In the Linux kernel, the following vulnerability has been resolved:
mm: swap: fix race between free_swap_and_cache() and swapoff()
There was previously a theoretical window where swapoff() could run and teardown a swap_info_struct while a call to free_swap_and_cache() was running in another thread. This could cause, amongst other bad possibilities, swap_page_trans_huge_swapped() (called by free_swap_and_cache()) to access the freed memory for swap_map.
This is a theoretical problem and I haven't been able to provoke it from a test case. But there has been agreement based on code review that this is possible (see link below).
Fix it by using get_swap_device()/put_swap_device(), which will stall swapoff(). There was an extra check in _swap_info_get() to confirm that the swap entry was not free. This isn't present in get_swap_device() because it doesn't make sense in general due to the race between getting the reference and swapoff. So I've added an equivalent check directly in free_swap_and_cache().

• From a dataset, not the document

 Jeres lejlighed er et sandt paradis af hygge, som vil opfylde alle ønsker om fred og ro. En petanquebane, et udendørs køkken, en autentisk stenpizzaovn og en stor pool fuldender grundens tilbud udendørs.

Details of how to provoke one possible issue (thanks to David Hildenbrand for deriving this):
--8<-----
__swap_entry_free() might be the last user and result in "count == SWAP_HAS_CACHE".

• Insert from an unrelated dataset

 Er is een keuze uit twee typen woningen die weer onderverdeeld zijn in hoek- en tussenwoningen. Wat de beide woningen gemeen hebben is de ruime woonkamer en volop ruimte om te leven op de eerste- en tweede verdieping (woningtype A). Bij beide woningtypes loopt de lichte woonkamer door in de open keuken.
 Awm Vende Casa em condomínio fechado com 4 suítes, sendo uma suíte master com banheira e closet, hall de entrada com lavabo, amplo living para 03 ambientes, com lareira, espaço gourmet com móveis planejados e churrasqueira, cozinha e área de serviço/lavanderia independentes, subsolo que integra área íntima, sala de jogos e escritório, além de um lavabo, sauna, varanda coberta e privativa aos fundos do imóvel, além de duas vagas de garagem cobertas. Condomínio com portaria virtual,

swapoff->try_to_unuse() will stop as soon as soon as si->inuse_pages==0.
So the question is: could someone reclaim the folio and turn si->inuse_pages==0, before we completed swap_page_trans_huge_swapped().
Imagine the following: 2 MiB folio in the swapcache. Only 2 subpages are still references by swap entries.
Process 1 still references subpage 0 via swap entry. Process 2 still references subpage 1 via swap entry.
Process 1 quits. Calls free_swap_and_cache(). -> count == SWAP_HAS_CACHE [then, preempted in the hypervisor etc.]
Process 2 quits. Calls free_swap_and_cache(). -> count == SWAP_HAS_CACHE
Process 2 goes ahead, passes swap_page_trans_huge_swapped(), and calls __try_to_reclaim_swap().
__try_to_reclaim_swap()->folio_free_swap()->delete_from_swap_cache()-> put_swap_folio()->free_swap_slot()->swapcache_free_entries()-> swap_entry_free()->swap_range_free()-> ... WRITE_ONCE(si->inuse_pages, si->inuse_pages - nr_entries);
What stops swapoff to succeed after process 2 reclaimed the swap cache but before process1 finished its call to swap_page_trans_huge_swapped()?
--8<-----